The research focus of this field of work lies in the grid-based energy economy and the actors involved. The primary emphasis is on the electricity sector, considering existing and potentially future interactions with the heating and transport sectors. The scientific work ranges from energy system analysis and design to business model development.
Within the electricity sector, the research field addresses:
• Energy economic and regulatory frameworks,
• System transformation with decentralized and fluctuating generation as a central pillar,
• Load options (demand-side management, storage, European interconnected grid) and their respective actors,
• As well as the evaluation and further development of infrastructure approaches for sustainable energy systems.

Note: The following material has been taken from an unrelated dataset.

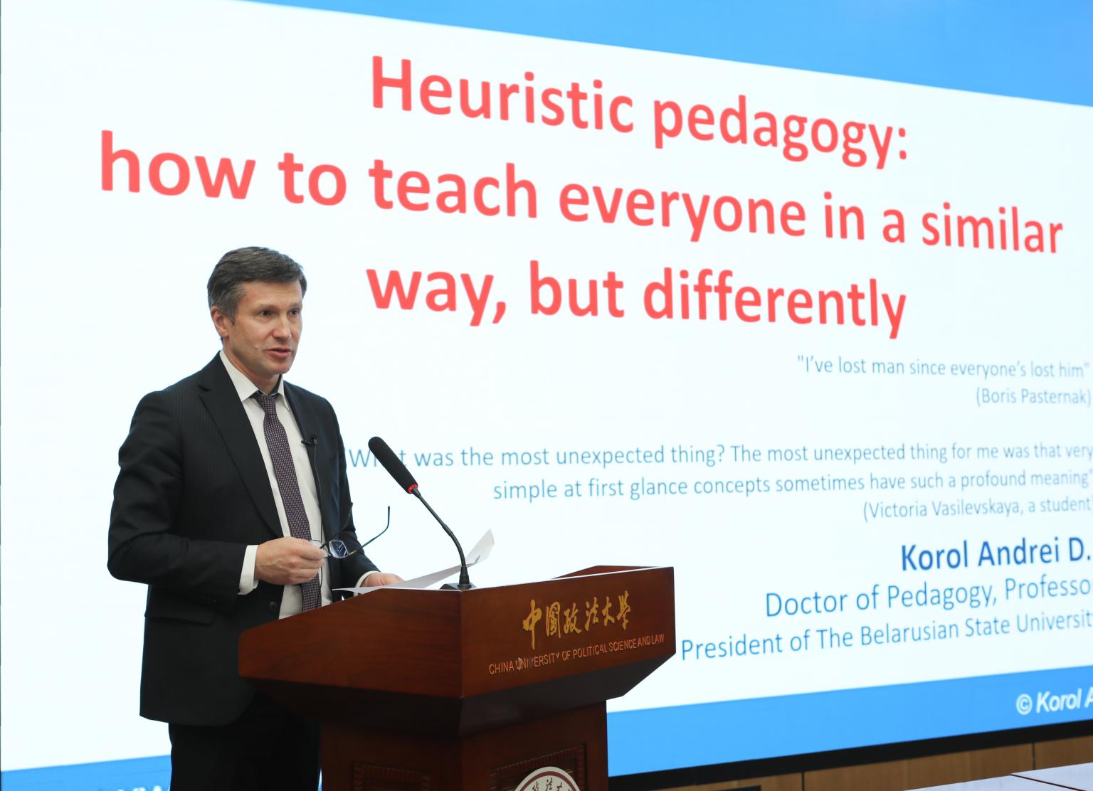 卡罗尔·安德烈·德米特里耶维奇感谢法大的热情接待。他说,在短短一年时间里,法大对与白俄罗斯国立大学的合作给予高度的重视和高效的推动,他本人在半年内已两次访问法大,此次来访并举办讲座也是为积极回应双方于9月在明斯克的会谈成果。他希望两校能够继续积极推进包括教师短期授课、学生短期交流项目、联合举办国际会议等形式在内的各类合作。

Through a cross-sectoral approach, key research topics in the heating sector include:
• Power-to-heat,
• Combined heat and power (CHP), and
• Industrial waste heat.
Scientific questions in the context of power-to-heat and CHP focus on the additional electricity demand that arises, its effects on load profiles, and potential ways to influence these profiles. Regarding industrial waste heat, the research explores its potential and possible uses — including electricity generation, depending on temperature and flow rate — and investigates options for its utilization.
Electromobility forms the third scientific pillar of the “Energy Markets” field. Research questions here focus on the framework conditions for the use of electromobility — particularly in individual transport — the relevant actors, and the impacts on infrastructure.

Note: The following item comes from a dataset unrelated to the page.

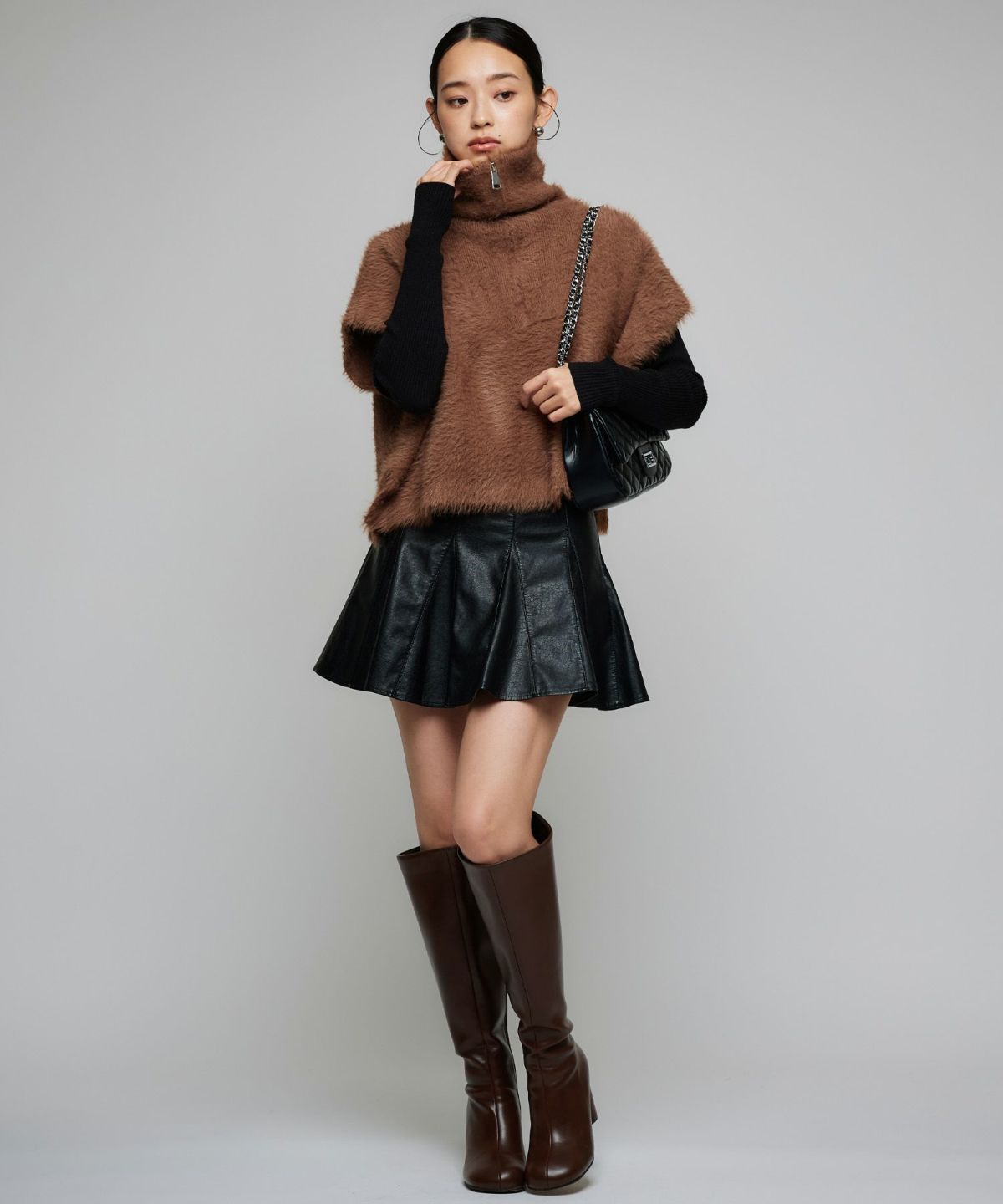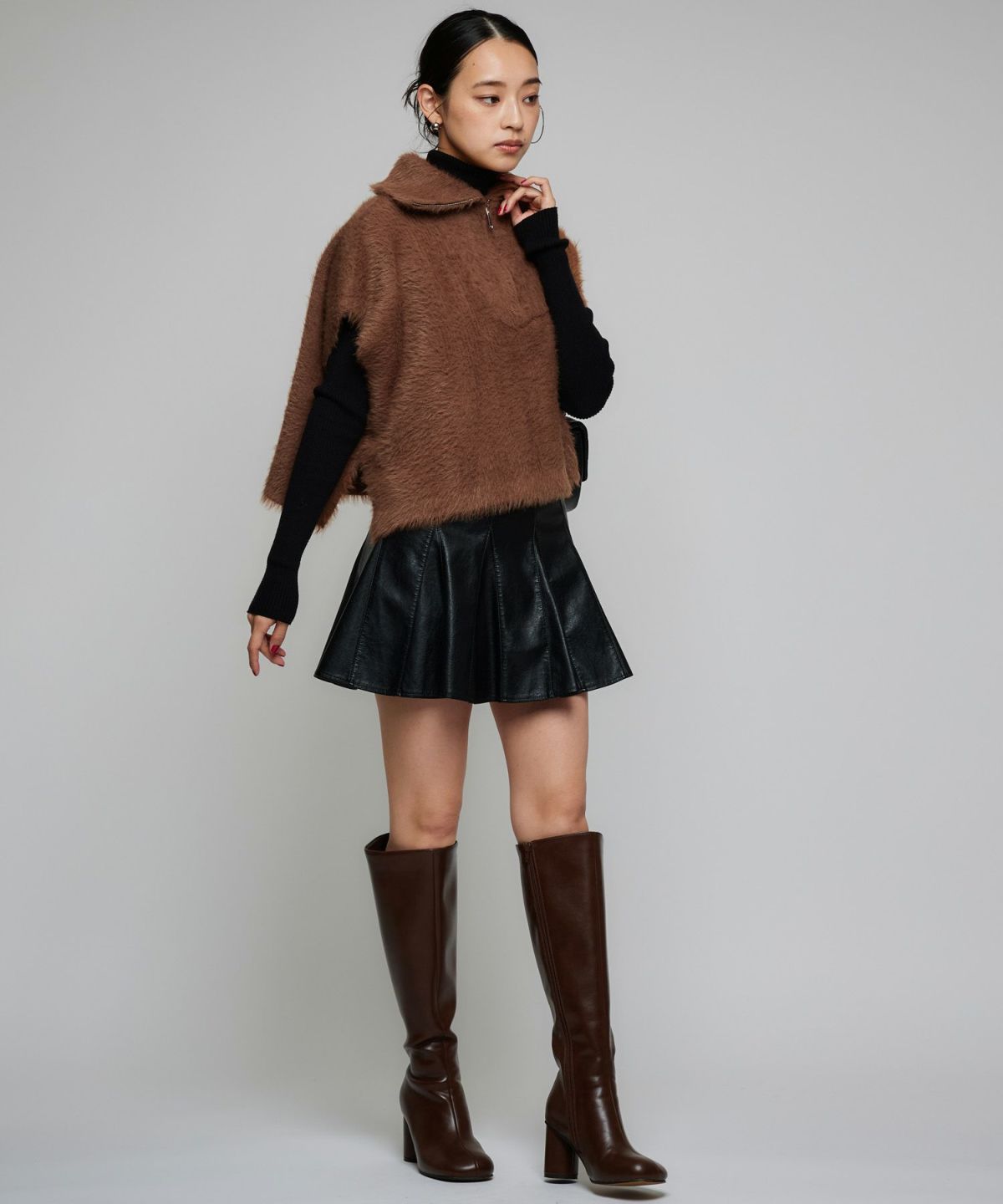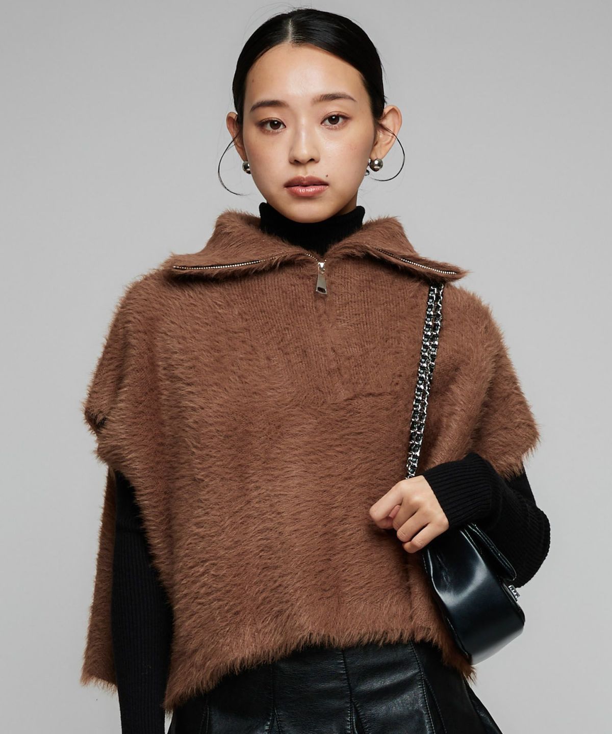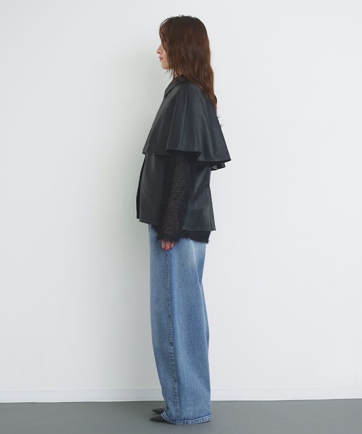 フェイクレザーケープベスト

For scientific scenario analyses, the research field utilizes the following instruments:
• Electricity market model for day-ahead trading: This is a fundamental model that, within the framework of a market simulation, determines the hourly allocation of generation and consumption. Unlike most models, it is not an optimization model that uses a given power plant fleet to solve an objective function at its optimum. Instead, the bidding behavior of individual actors is modeled, which means that the power plant dispatch does not necessarily reflect an optimal outcome but rather a response to expected, market-based reactions.
• Charging model for electric vehicles: Based on the “Mobility in Germany” survey, driving behavior is simulated by replicating user categories (commuters, students, retirees, etc.) over a defined observation year. Depending on charging scenarios (e.g., charging at home after work, during work hours, fast charging at low battery levels, etc.) and user categories, a load profile emerges that must be balanced by corresponding generation capacity. This demand load can be calculated on an hourly basis over any defined period, taking into account working days and public holidays, and can be imported into the electricity market model.